The need to obtain thorough and accurate descriptions of fall episodes was highlighted in the publication sample as well, with Klock et al. 29 choosing to use ML to discern a real-time scoring method based on Agency for Healthcare Research and Quality (AHRQ) rubrics that can improve the quality of actual reports of fall incidents. These enhanced accounts can then contribute to more precise identification of valuable preventive interventions and elimination of ineffective practices.

Healthcare-Acquired Infections

Key Findings

Three studies used logistic regression to develop predictive models for the risk of healthcare acquired infection (HAI)-related outcomes. Hur et al. 35 developed a risk score for Catheter-Associated Urinary Tract Infections (CAUTI) that was incorporated into the EHR patient summary screen. Jackson et al. 36 developed a mixed model with better predictive performance than nares culture in identifying risk of nursing home residents transmitting methicillin-resistant Staphylococcus aureus (MRSA) to healthcare-worker gowns. They also used decision-curve analysis to compare the clinical utility of placing patients on contact precautions under each model. Lodise et al. 37 developed a bedside tool to predict the likelihood of six phenotypes of drug-resistant pathogens among hospitalized adult patients with Gram-negative infections. Their six logistic regression models were converted to an Excel-based user interface to estimate the risk of resistance at the bedside.

Four studies used more contemporary data science methods to predict HAI-related outcomes. Kocbek et al. 38 incorporated temporal data and preoperative blood tests to develop and compare four models to predict the onset of surgical site infection (SSI): several regression models and an extreme gradient boosting (XGBoost) model. Yee et al. 39 used publicly available ICU data and a data-driven approach using Bayesian networks and regression to develop a screening algorithm for progression into septic shock. Bush et al. 40 developed novel patient mobility predictors for unit-wide Clostridium difficile infection (CDI) susceptibility by using a network analysis and trace-route mapping to develop an in-hospital patient mobility network. The resulting calculated contagion centrality (CC) measure was found to be a statistically significant predictor of hospital-onset CDI cases. Liao et al. 41 used Cyranose 320 e-nose sensor breath-gas data to develop models of Ventilator-associated pneumonia (VAP) with Pseudomonas aeruginosa by applying neural network and support vector machine (SVM) methods.
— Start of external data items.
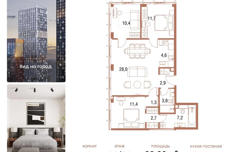 В продаже 3-комнатная квартира площадью 84,3 кв.м. с отделкой MR Ready на 30-м этаже 36 этажного дома.
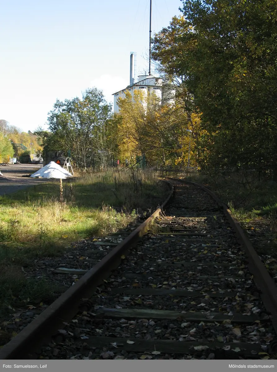 Järnvägsspår vid Soabs industrianläggning i Mölndals Kvarnby, år 2007. I bakgrunden skymtas silobyggnaden bakom träden. Anläggningen användes vid fototillfället av Hexion Speciality Chemicals Sweden AB.
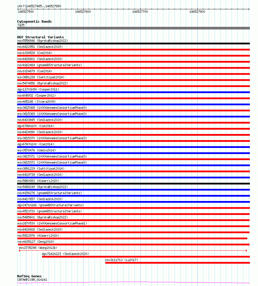 Variant DetailsVariant: esv2670530| Internal ID | 9936635 | | Landmark | | | Location Information | | | Cytoband | 7q35 | | Allele length | | Assembly | Allele length | | hg38 | 406 | | hg19 | 406 |
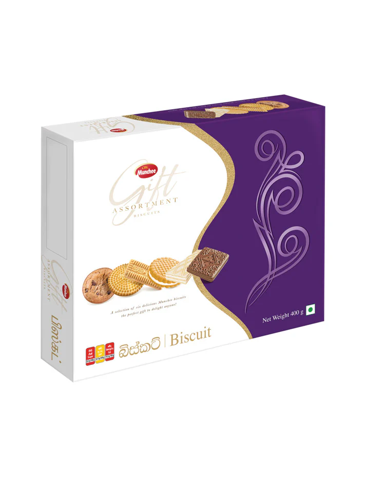 Indulge in the Munchee Gift Assortment 400g, a premium selection of Munchee’s finest biscuits, thoughtfully curated to offer a delightful snacking experience. This assortment includes:
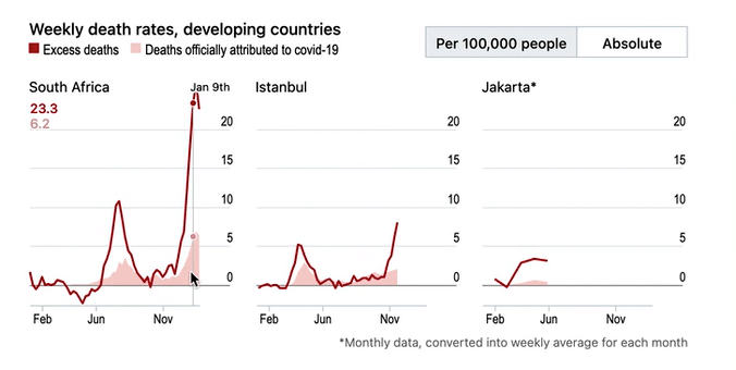 The Economist is known for its Daily Chart, but this interactive example presented the concept of excess deaths compared across countries, with a switch between viewing absolute and proportional numbers.
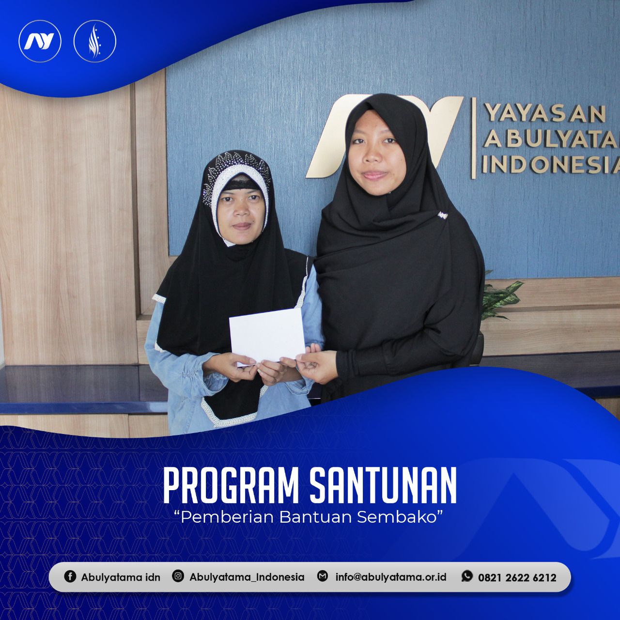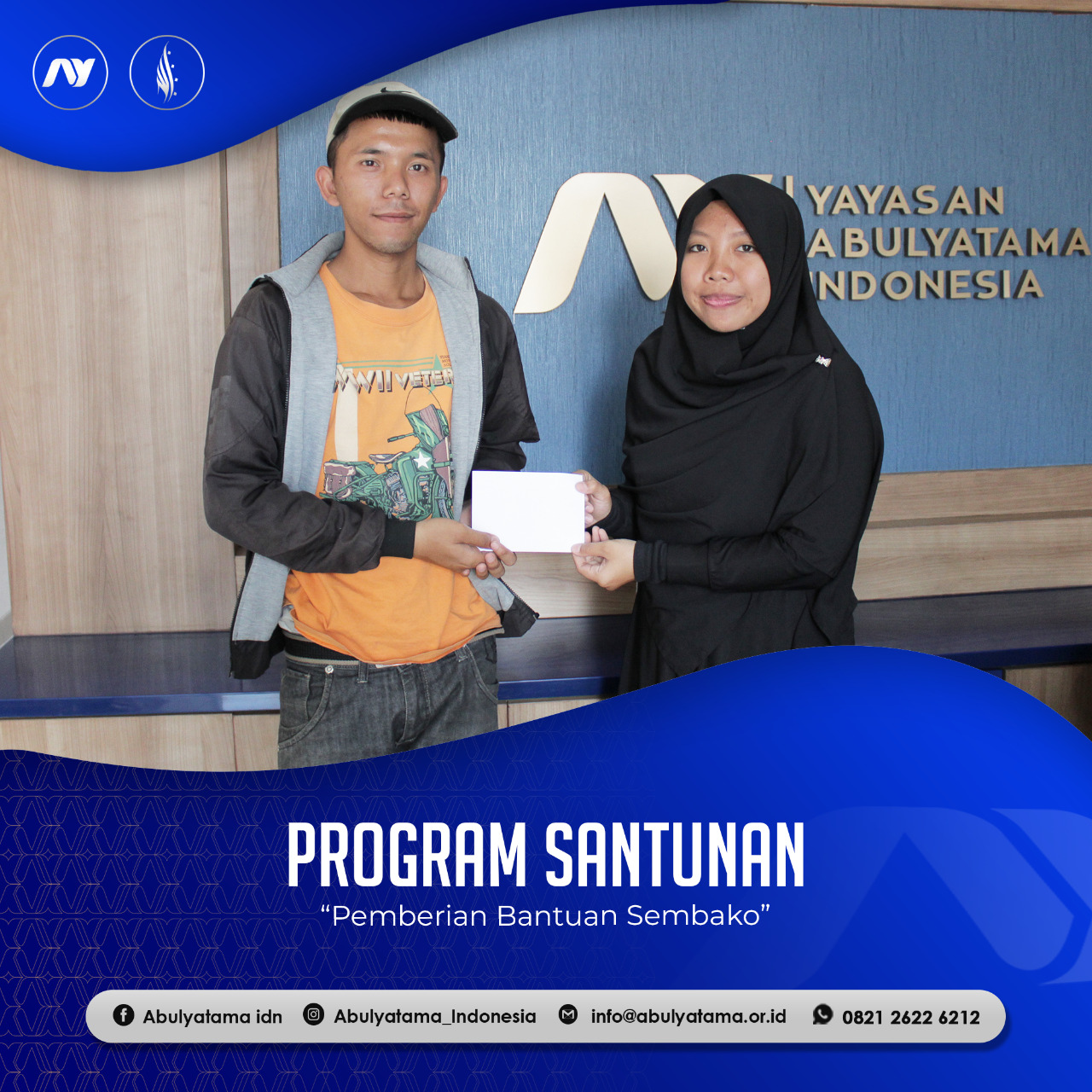 Senin (14/10), Alhamdulillah Yayasan Abulyatama Indonesia telah menyerahkan santunan bantuan kebutuhan sembako berupa uang kepada Bapak Deni R., Ibu Ilah Sumirah, Ibu Ifah Hanifah warga Bandung. Program santunan ini diberikan kepada kaum dhuafa untuk membantu meringankan beban hidup khususnya kebutuhan utama yaitu kebutuhan sembako.

According to Liao and colleagues, while the combination of sensor data and ML methods shows promise, advancements in sensor performance and high-performance computing are needed to improve the accuracy of patient breathing gas detection models.

Discussion

System and unit-level implications of these findings suggest that addition of these types of predictors may enhance the development of more robust real-time surveillance systems for HAIs 40 . From a practice perspective, Hur et al. 35 specifically noted that a CAUTI surveillance system could reduce nurse time and effort used for risk assessment that could then be re-directed to management and education of indwelling urinary catheters. From a research perspective, models that perform similarly and also offer lower complexity and higher interpretability are often preferred 38 .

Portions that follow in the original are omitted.